Please copy exactly the part of the records below that opens with the line containing "berry12077244513 | beaute25" and closes with the line containing "Lichtdoorlatende dubbele plissé", leaving out any pictures.

### Record extracts
__________________________________________________

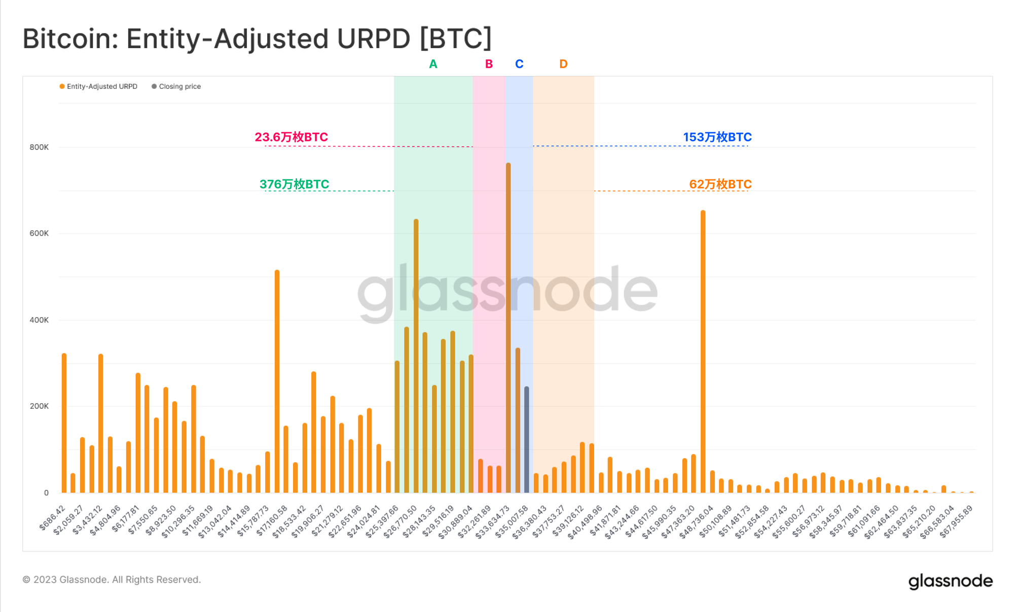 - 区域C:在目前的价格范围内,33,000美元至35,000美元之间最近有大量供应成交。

__________________________________________________

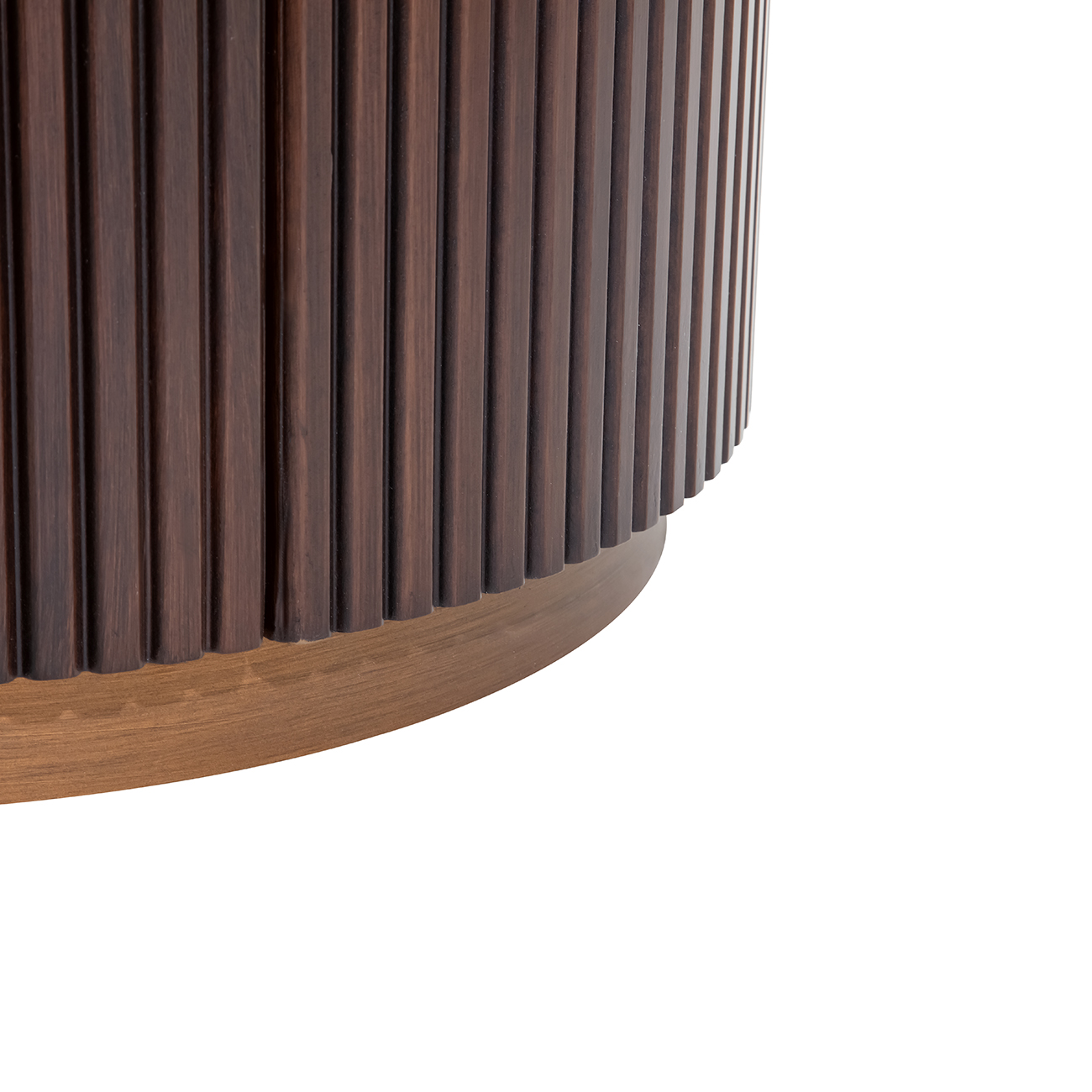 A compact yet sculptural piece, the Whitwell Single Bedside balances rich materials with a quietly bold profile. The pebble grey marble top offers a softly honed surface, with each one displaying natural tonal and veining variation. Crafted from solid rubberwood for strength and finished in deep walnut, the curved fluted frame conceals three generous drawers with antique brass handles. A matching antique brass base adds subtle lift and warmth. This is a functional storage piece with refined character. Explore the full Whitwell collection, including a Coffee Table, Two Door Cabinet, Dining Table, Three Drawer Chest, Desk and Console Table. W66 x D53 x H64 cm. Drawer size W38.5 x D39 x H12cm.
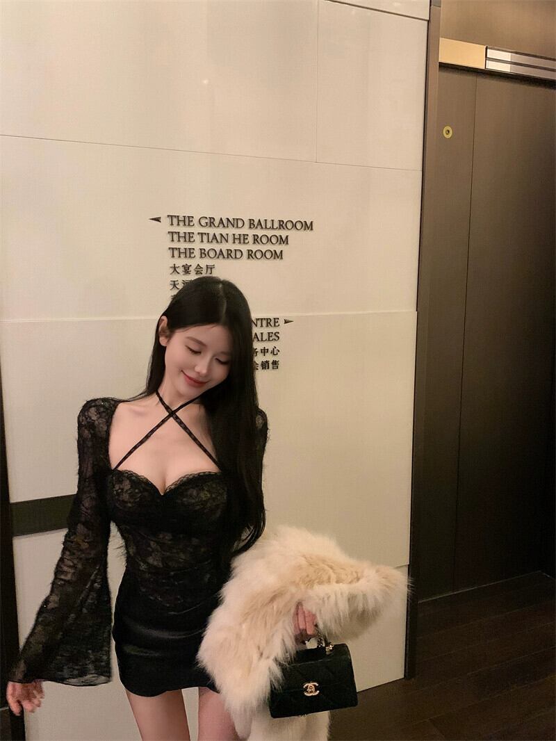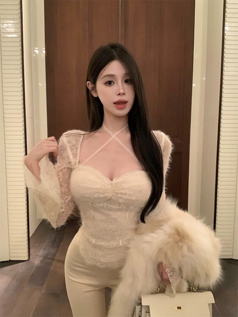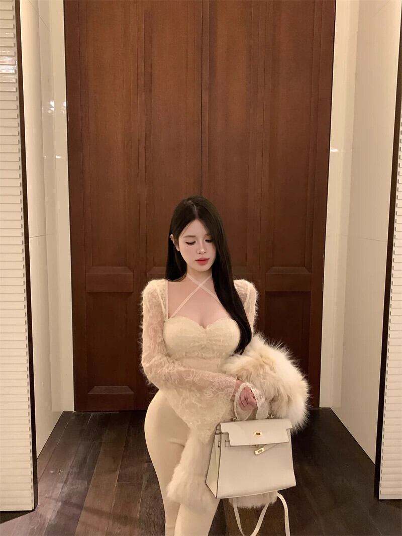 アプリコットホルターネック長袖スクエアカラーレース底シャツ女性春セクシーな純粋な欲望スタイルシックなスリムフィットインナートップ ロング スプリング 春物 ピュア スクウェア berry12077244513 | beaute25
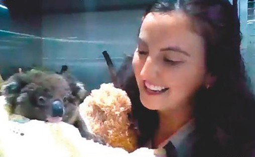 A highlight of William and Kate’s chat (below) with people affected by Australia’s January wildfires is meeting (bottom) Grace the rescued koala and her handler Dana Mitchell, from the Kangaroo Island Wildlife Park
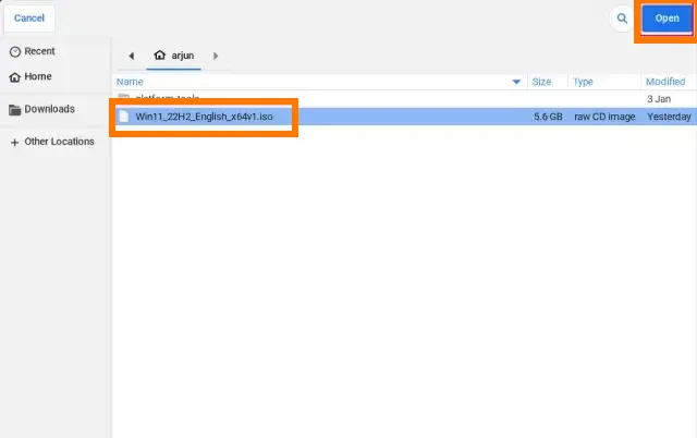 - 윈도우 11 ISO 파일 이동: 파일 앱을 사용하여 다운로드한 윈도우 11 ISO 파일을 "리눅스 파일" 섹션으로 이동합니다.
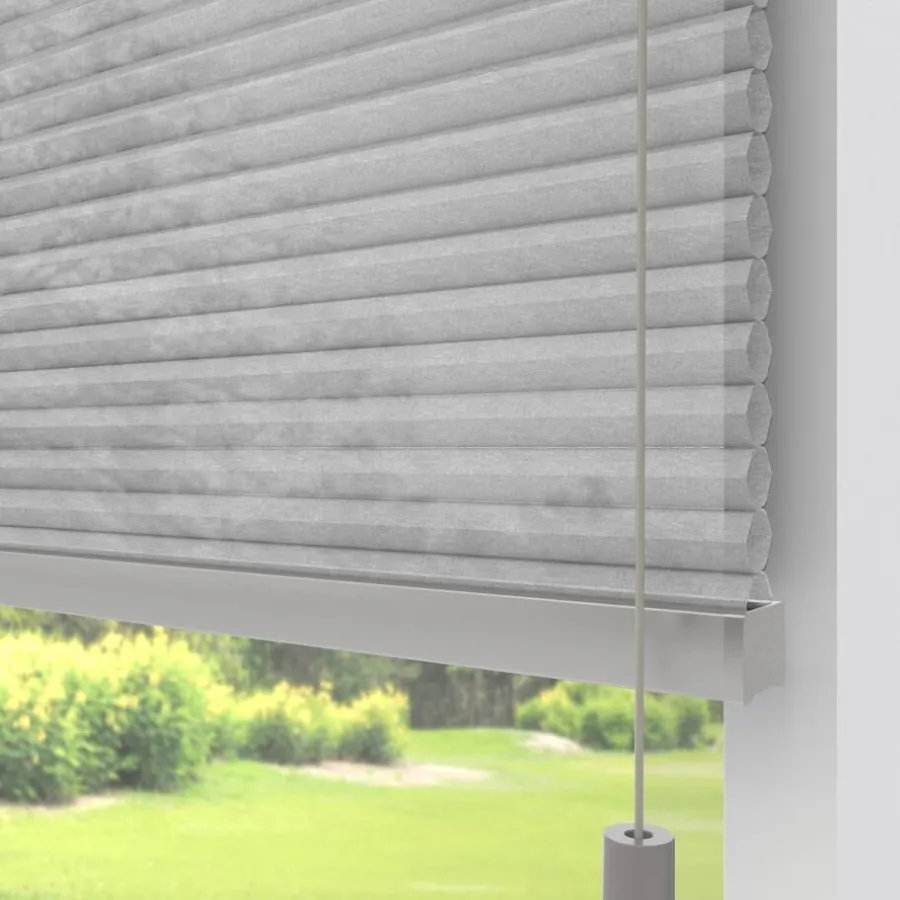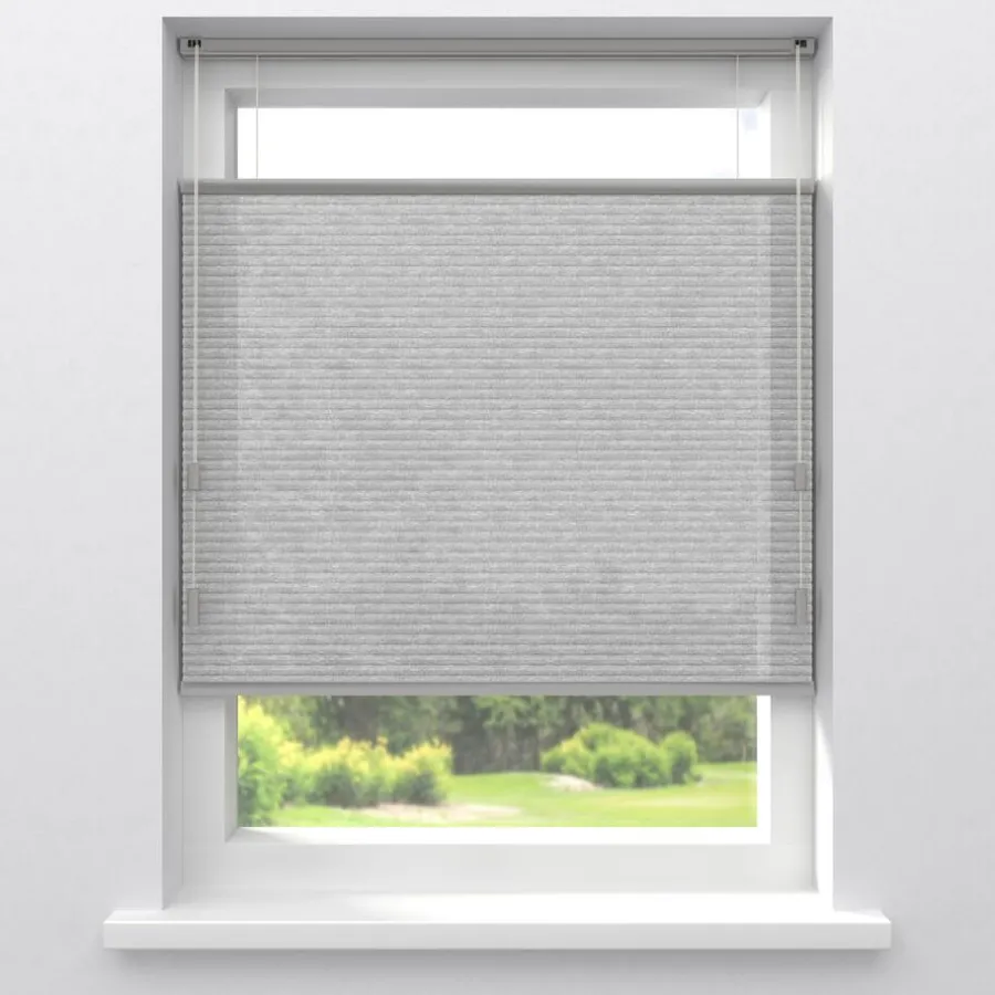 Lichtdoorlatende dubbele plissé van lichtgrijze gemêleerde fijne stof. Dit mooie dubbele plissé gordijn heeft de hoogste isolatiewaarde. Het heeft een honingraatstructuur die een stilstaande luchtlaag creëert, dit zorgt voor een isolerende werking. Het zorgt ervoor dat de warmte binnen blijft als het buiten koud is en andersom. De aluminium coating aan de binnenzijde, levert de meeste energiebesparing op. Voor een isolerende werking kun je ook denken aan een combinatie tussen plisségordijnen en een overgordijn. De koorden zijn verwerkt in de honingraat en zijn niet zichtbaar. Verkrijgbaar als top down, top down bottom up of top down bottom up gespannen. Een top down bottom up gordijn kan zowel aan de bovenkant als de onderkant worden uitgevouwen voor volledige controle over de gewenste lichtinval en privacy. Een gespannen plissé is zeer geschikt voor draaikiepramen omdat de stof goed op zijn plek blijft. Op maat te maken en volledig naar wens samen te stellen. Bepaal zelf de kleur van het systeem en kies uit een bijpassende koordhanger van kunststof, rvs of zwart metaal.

__________________________________________________

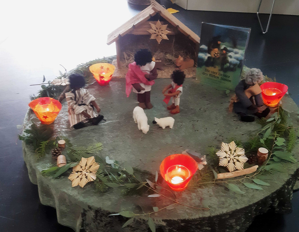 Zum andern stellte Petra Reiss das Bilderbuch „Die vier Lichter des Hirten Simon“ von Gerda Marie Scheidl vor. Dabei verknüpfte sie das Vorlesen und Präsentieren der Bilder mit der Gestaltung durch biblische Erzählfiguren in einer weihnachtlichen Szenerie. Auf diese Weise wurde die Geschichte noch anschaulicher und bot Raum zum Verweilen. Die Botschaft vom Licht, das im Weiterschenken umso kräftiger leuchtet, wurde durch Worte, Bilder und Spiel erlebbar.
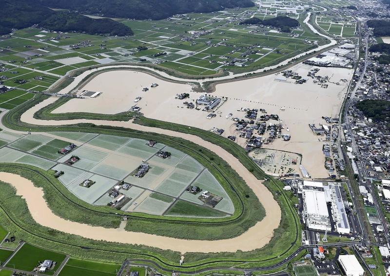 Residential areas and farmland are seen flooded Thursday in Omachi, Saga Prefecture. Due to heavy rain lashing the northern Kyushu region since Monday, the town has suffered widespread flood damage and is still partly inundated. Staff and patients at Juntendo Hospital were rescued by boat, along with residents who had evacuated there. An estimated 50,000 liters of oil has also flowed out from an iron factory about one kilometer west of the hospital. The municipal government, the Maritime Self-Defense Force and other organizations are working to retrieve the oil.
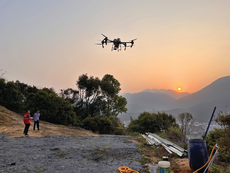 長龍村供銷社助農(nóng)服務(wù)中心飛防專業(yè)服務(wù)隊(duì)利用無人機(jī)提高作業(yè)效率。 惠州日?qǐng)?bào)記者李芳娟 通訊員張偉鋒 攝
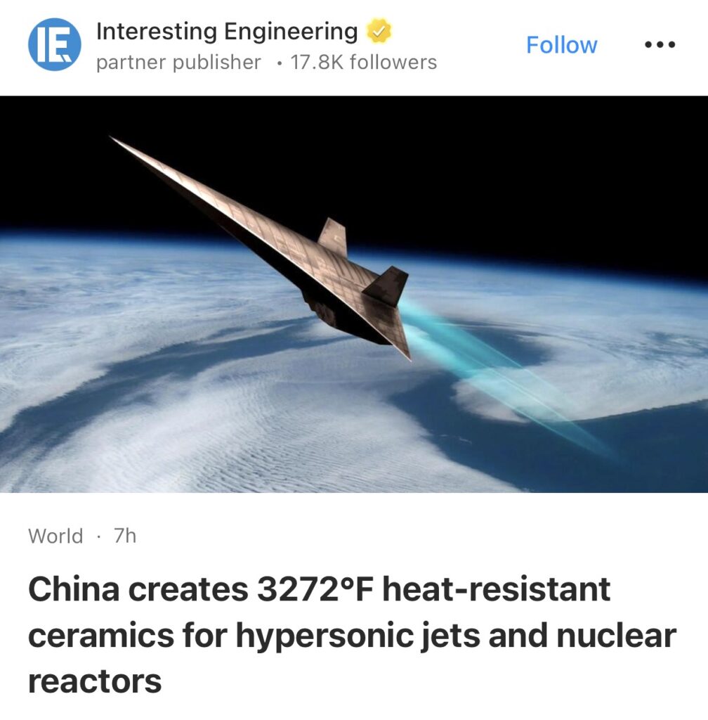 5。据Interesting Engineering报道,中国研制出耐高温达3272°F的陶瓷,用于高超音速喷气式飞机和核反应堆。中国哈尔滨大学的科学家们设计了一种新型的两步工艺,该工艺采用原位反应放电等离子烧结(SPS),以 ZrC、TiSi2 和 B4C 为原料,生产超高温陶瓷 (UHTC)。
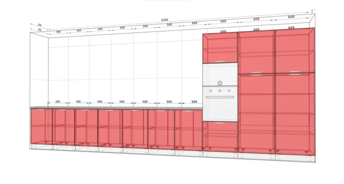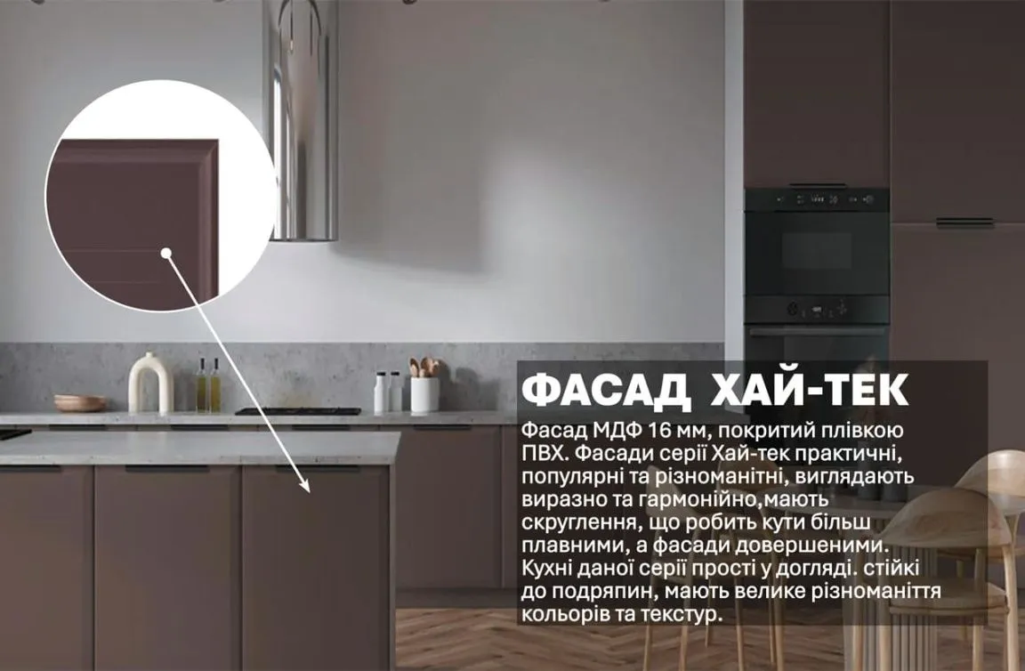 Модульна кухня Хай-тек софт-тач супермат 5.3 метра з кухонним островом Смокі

__________________________________________________

### Task solution
 アプリコットホルターネック長袖スクエアカラーレース底シャツ女性春セクシーな純粋な欲望スタイルシックなスリムフィットインナートップ ロング スプリング 春物 ピュア スクウェア berry12077244513 | beaute25
 A highlight of William and Kate’s chat (below) with people affected by Australia’s January wildfires is meeting (bottom) Grace the rescued koala and her handler Dana Mitchell, from the Kangaroo Island Wildlife Park
 - 윈도우 11 ISO 파일 이동: 파일 앱을 사용하여 다운로드한 윈도우 11 ISO 파일을 "리눅스 파일" 섹션으로 이동합니다.
 Lichtdoorlatende dubbele plissé van lichtgrijze gemêleerde fijne stof. Dit mooie dubbele plissé gordijn heeft de hoogste isolatiewaarde. Het heeft een honingraatstructuur die een stilstaande luchtlaag creëert, dit zorgt voor een isolerende werking. Het zorgt ervoor dat de warmte binnen blijft als het buiten koud is en andersom. De aluminium coating aan de binnenzijde, levert de meeste energiebesparing op. Voor een isolerende werking kun je ook denken aan een combinatie tussen plisségordijnen en een overgordijn. De koorden zijn verwerkt in de honingraat en zijn niet zichtbaar. Verkrijgbaar als top down, top down bottom up of top down bottom up gespannen. Een top down bottom up gordijn kan zowel aan de bovenkant als de onderkant worden uitgevouwen voor volledige controle over de gewenste lichtinval en privacy. Een gespannen plissé is zeer geschikt voor draaikiepramen omdat de stof goed op zijn plek blijft. Op maat te maken en volledig naar wens samen te stellen. Bepaal zelf de kleur van het systeem en kies uit een bijpassende koordhanger van kunststof, rvs of zwart metaal.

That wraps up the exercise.